Sejer los miró uno por uno.

– No me gustan mucho los dramas. Opto por detenernos a una distancia prudencial y gritar, explicarles cuántos somos y que estamos armados.

– ¿Y si sale con el rehén delante, apuntándolo en la sien con el revólver?

– Entonces dejaremos que se marche. De todos modos, no llegará muy lejos. Somos cinco contra dos.

Skarre se secó el sudor.

– Mantened las armas quietas -prosiguió Sejer-. No quiero que tengamos que llevar a ninguno en brazos a casa con este maldito calor. Cuando todo esto haya acabado, tendremos que rendir cuentas de cada minuto por escrito y bajo nuestra palabra de honor. No quiero que miréis siquiera el arma sin mi permiso. Y si cambio de idea, os lo haré saber.

Siguió adelante y los otros fueron detrás. Les gustaba mucho su jefe, pero les parecía que a veces era demasiado prudente. Misiones como esa no eran muy frecuentes. No todos habían querido ir allí, a ese bosque ardiente, pero el sabor a adrenalina era dulce.

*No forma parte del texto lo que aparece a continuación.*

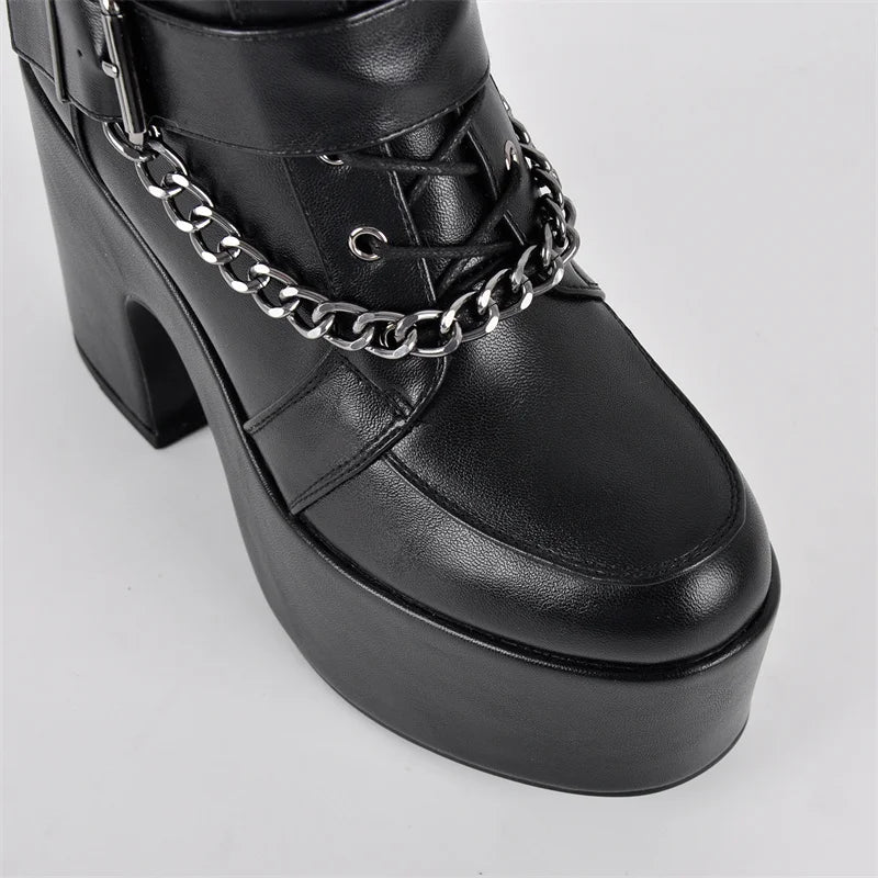 Punk Perfection: Platform Ankle Boots with Metal Chain Detail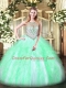 Pretty Tulle Sleeveless Floor Length 15th Birthday Dress and Beading and Ruffles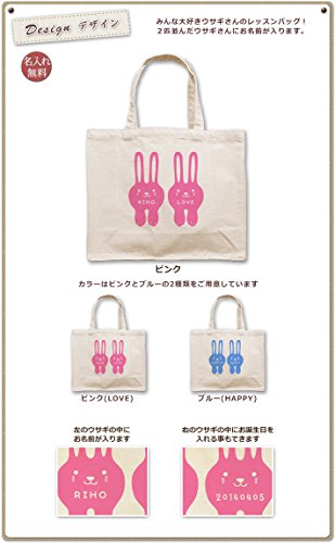 名入れ 名前入り レッスンバッグ スクエアトート キャンバス地 うさぎA Lサイズ(高さ30×幅36×マチ14cm)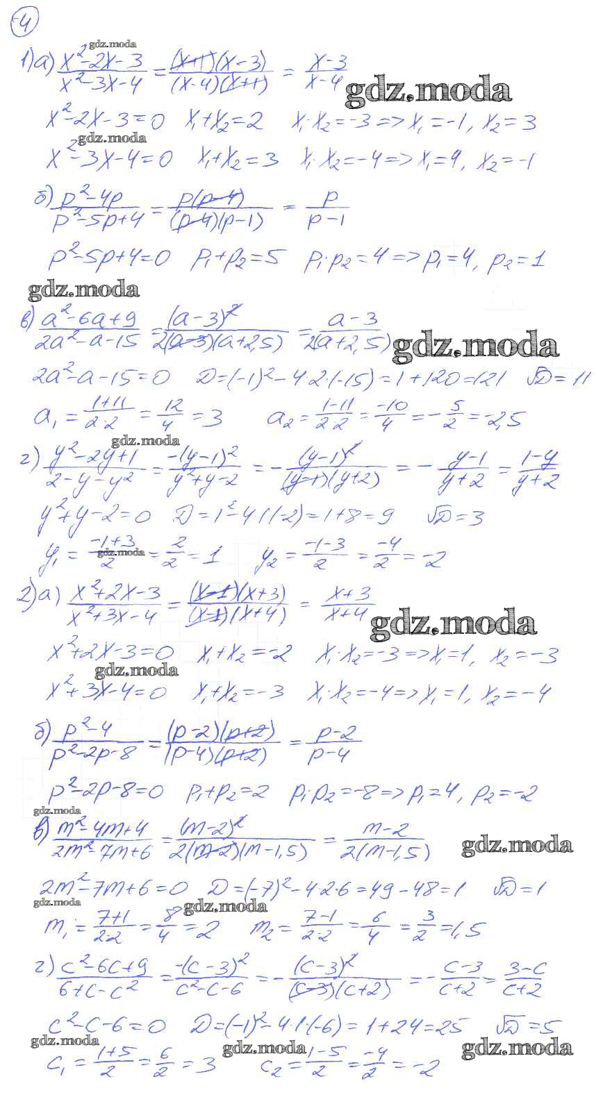 ГДЗ решение к заданию № 4 Алгебра 8 класс Дидактические материалы Евстафьева Л.П. Просвещение 2017 ФГОС бесплатно на гдз.мода!

– Creo que lo que se ve allí abajo es la Laguna del Cielo -dijo Sejer señalando-. Según el mapa, hay cerca una granja, aunque desde aquí no se ve nada. Me apuesto una ronda a que los perros se dirigen hacia allí.

– No veo ninguna casa.

Ellmann miraba haciéndose sombra con la mano y solo podía ver bosque.

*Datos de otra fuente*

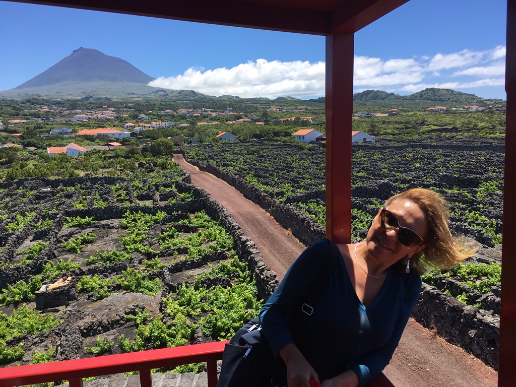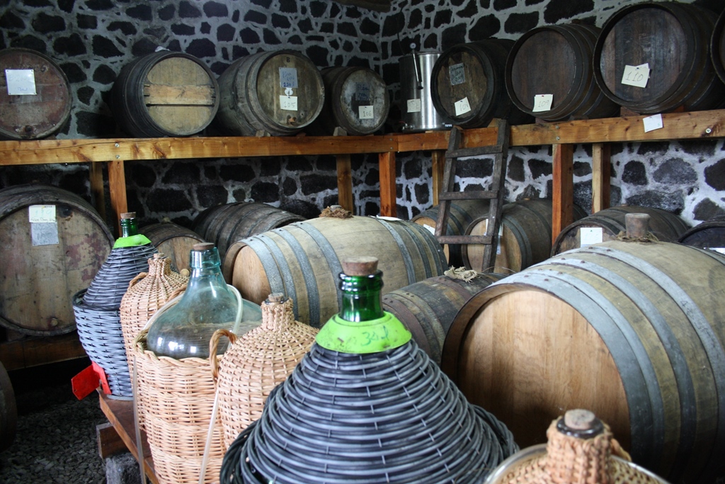 Depois de nos termos deliciado a caminhar e gozar, na zona da Criação Velha, (durante cerca de 2 horas) aquele rendilhado de muros de pedras negras salpicadas de verde à beira mar tendo como paisagem de fundo a montanha do Pico para um lado e a ilha do Faial para o outro, queríamos conhecer a história do vinho e provar o produto (seco ou doce) extraído com tanto amor e empenho, desde tempos idos.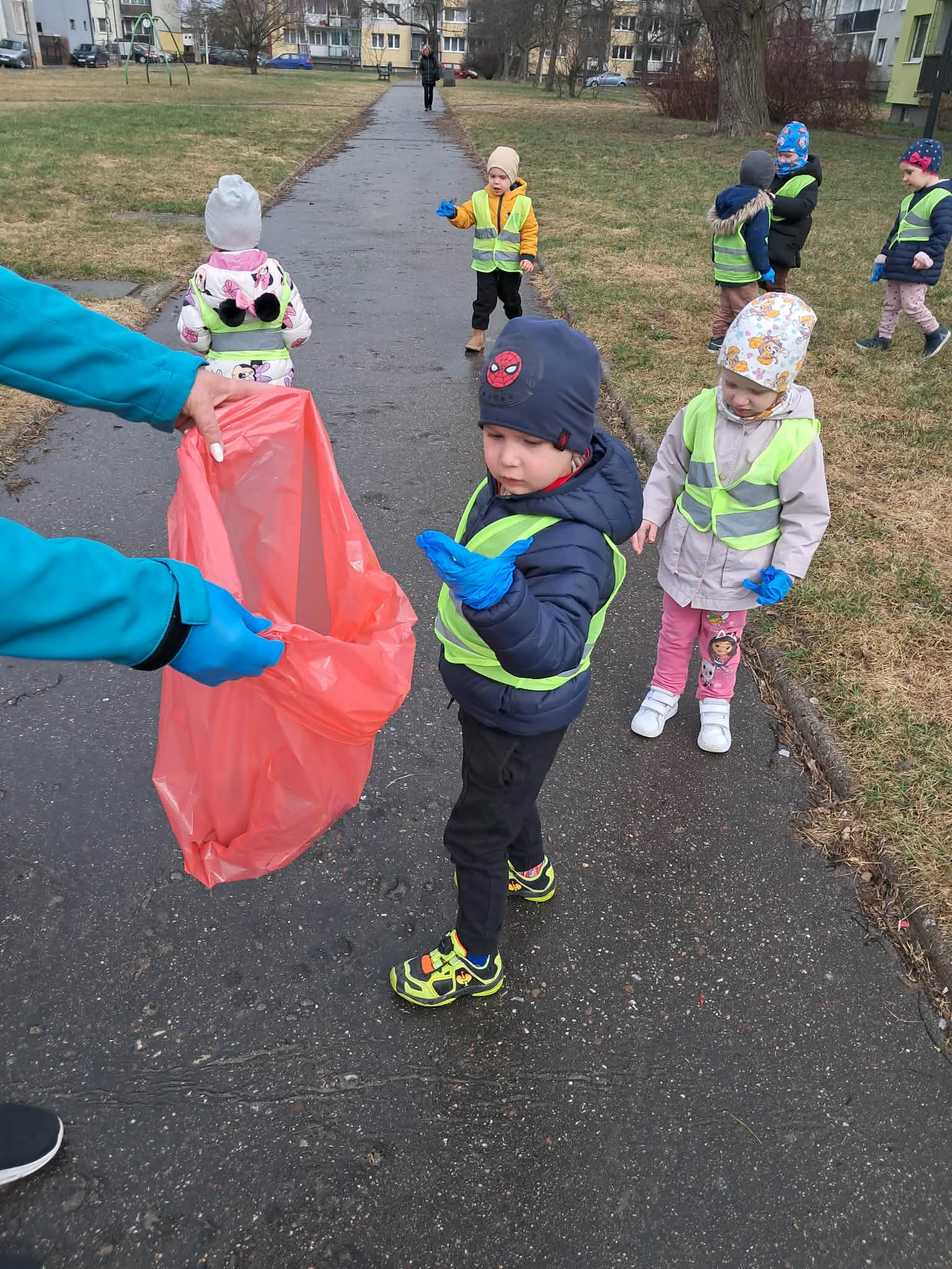 W związku ze zbliżającą się wiosną dzieci z naszej grupy wzięły udział w akcji „Galante Sprzątanie”. Przedszkolaki z dużym zaangażowaniem pomagały w porządkowaniu terenu wokół przedszkola.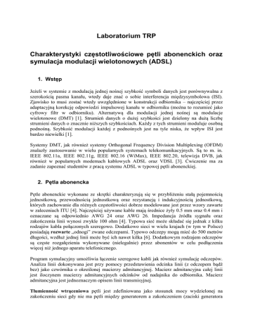 Laboratorium TRP Charakterystyki częstotliwościowe pętli abonenckich oraz symulacja modulacji wielotonowych (ADSL) 1. Wstęp Jeżeli w systemie z modulacją jednej nośnej szybkość symboli danych jest porównywalna z szerokością pasma kanału, wtedy daje znać o sobie interferencja międzysymbolowa (ISI). Zjawisko to musi zostać wtedy uwzględnione w konstrukcji odbiornika – najczęściej przez adaptacyjną korekcję odpowiedzi impulsowej kanału w odbiorniku (można to rozumieć jako cyfrowy filtr w odbiorniku). Alternatywą dla modulacji jednej nośnej są modulacje wielotonowe (DMT) [1]. Strumień danych o dużej szybkości jest dzielony na dużą liczbę strumieni danych o znacznie niższych szybkościach. Każdy z tych strumieni moduluje osobną podnośną. Szybkość modulacji każdej z podnośnych jest na tyle niska, że wpływ ISI jest bardzo niewielki [1]. Systemy DMT, jak również systemy Orthogonal Frequency Division Multiplexing (OFDM) znalazły zastosowanie w wielu popularnych systemach telekomunikacyjnych. Są to m. in. IEEE 802.11a, IEEE 802.11g, IEEE 802.16 (WiMax), IEEE 802.20, telewizja DVB, jak również w popularnych modemach kablowych ADSL oraz VDSL [3]. Ćwiczenie ma za zadanie zapoznać studentów z pracą systemu ADSL w typowej pętli abonenckiej. 2. Pętla abonencka Pętle abonenckie wykonane ze skrętki charakteryzują się w przybliżeniu stałą pojemnością jednostkową, przewodnością jednostkową oraz rezystancją i indukcyjnością jednostkową, których zachowanie dla różnych częstotliwości dobrze modelowane jest przez wzory zawarte w zaleceniach ITU [4]. Najczęściej używane kable mają średnice żyły 0.5 mm oraz 0.4 mm i oznaczane są odpowiednio AWG 24 oraz AWG 26. Impedancja źródła sygnału oraz zakończenia linii wynosi zwykle 100 ohm [4]. Typowa sieć może składać się jednak z kilku rodzajów kabla połączonych szeregowo. Dodatkowo sieci w wielu krajach (w tym w Polsce) posiadają rozwarte „odnogi” zwane odczepami. Typowo odczepy mogą mieć do 500 metrów długości, wzdłuż jednej linii może być ich nawet kilka [6]. Dodatkowym rodzajem odczepów są częste rozgałęzienia wykonywane (nielegalnie) przez abonentów w celu podłączenia więcej niż jednego aparatu telefonicznego. Program symulacyjny umożliwia łączenie szeregowe kabli jak również symulację odczepów. Analiza linii dokonywana jest przy pomocy przedstawienia odcinka linii (z odczepem bądź bez) jako czwórnika o określonej macierzy admitancyjnej. Macierz admitancyjna całej linii jest iloczynem macierzy admitancyjnych odcinków od nadajnika do odbiornika. Macierz admitancyjna jest jednoznaczym opisem linii transmisyjnej. Tłumienność wtrąceniowa pętli jest zdefiniowana jako stosunek mocy wydzielonej na zakończeniu sieci gdy nie ma pętli między generatorem a zakończeniem (zaciski generatora są dołączone do zacisków opornika obciążającego) do mocy wydzielonej na zakończeniu sieci gdy między zaciskami generatora i zaciskami odbiornika jest pętla abonencka. Najczęściej podaje się ją w dB. Prędkość fazowa fali w pętli jest zdefiniowana jako 2f , vf gdzie f to częstotliwość a jest stałą fazową (urojoną częścią stałej propagacji gamma). Prędkość fazowa jest funkcją częstotliwości. Znając prędkość fazową można określić długość fali w pętli przy pomocy wzoru vf . f Jest to długość fali, która odpowiada danej częstotliwości f. Wpływ odczepów na tłumienność linii. Posługując się wzorami na impedancję wejściową linii można pokazać, że impedancja odczepu wyraża się wzorem: Z we jZ c ctg ( l ) , gdzie Z c oznacza impedancję charakterystyczną linii a l jest długością. Impedancja ta przy argumencie ctg równym , 3 ,5 itd. dąży do zera. Powoduje to znaczne osłabienie fali 2 2 2 pożądanej, która przenosi informację do odbiornika. Na charakterystyce tłumienności wtrąceniowej linii od częstotliwości widoczne jest to jako charakterystyczny skok tłumienności. 3. Modulacja OFDM (DMT) W modemach ADSL wykorzystuje się modulację DMT (ang. discrete multitone), która jest dolnopasmową wersją modulacji OFDM (ang. orthogonal frequency division multiplexing). Modulacja OFDM polega na tym, że zamiast modulować jedną nośną sygnałem o dużej prędkości modulacji R, moduluje się N nośnych sygnałami o szybkości modulacji R/N. Modulowanie z niższą szybkością prowadzi do tego, że sygnał jest bardziej odporny na interferencje miedzysymbolową (ISI – ang. inter-symbol interference). Dodatkową cechą modulacji OFDM, która wyróżnia ją od zwykłego FDM jest fakt, że odstęp częstotliwościowy pomiędzy nośnymi OFDM jest równy 1/Tb, gdzie Tb jest czasem trwania jednego symbolu OFDM. Widma nośnych OFDM po zmodulowaniu mają charakter funkcji sin(x)/x i nachodzą na siebie, jednak w taki sposób, że w miejscu maksimum widma jednej nośnej, gęstość widmowa pozostałych nośnych jest zerowa i sygnały z różnych nośnych nie zakłócają się nawzajem. Przypomina to nieco transmisję w paśmie podstawowym z impulsami kształtowanymi filtrem typu podniesiony cosinus. Nośne OFDM mogą być modulowane niezależnie, przy pomocy modulacji amplitudy i kąta czyli np. PSK, QAM. Modulacja OFDM ma niejako wbudowane w siebie następujące zalety: Łatwość przetwarzania sygnału – wszystko odbywa się cyfrowo (przetwarzanie typu software) Wykorzystanie modulacji wielowartościowych nie jest problemem – polega jedynie na zwiększeniu alfabetu symboli na każdej podnośnej Zwartość pasma – kształt pasma sygnału OFDM jest niemal prostokątny, stąd łatwo go multipleksować częstotliwościowo z innymi sygnałami bez użycia filtrów Łatwy podział pasma na downlink i uplink Łatwość monitoringu dzięki przeznaczeniu wybranych podnośnych na tzw. piloty lub do przesyłania sekwencji treningowych Optymalny dobór mocy poszczególnych podnośnych i wartoś

– Tal vez esté detrás de esos árboles. En ese caso no podrán vernos.

Continuaron adentrándose en el bosque. Los perros iban delante. Skarre miraba al cielo de vez en cuando. Tenía que asegurarse de que el Creador los estaba siguiendo con la vista. En ese bosque silencioso había algo amenazador que le hacía dudar. El silencio era nefasto, como si se estuviera preparando un tremendo trueno. Pero no había ni una nube, solo un ligero velo que cubría los árboles. Lenta e inexorablemente, el suelo se estaba vaciando de humedad, y esta subía y se posaba como una bruma lechosa sobre el paisaje. Tal vez esos dos hombres estuvieran buscándolos con la vista desde una ventana abierta, con el arma cargada. O puede que se hubieran fugado hacía tiempo por la colina. El grupo de árboles se iba acercando. No se avistaba ninguna construcción.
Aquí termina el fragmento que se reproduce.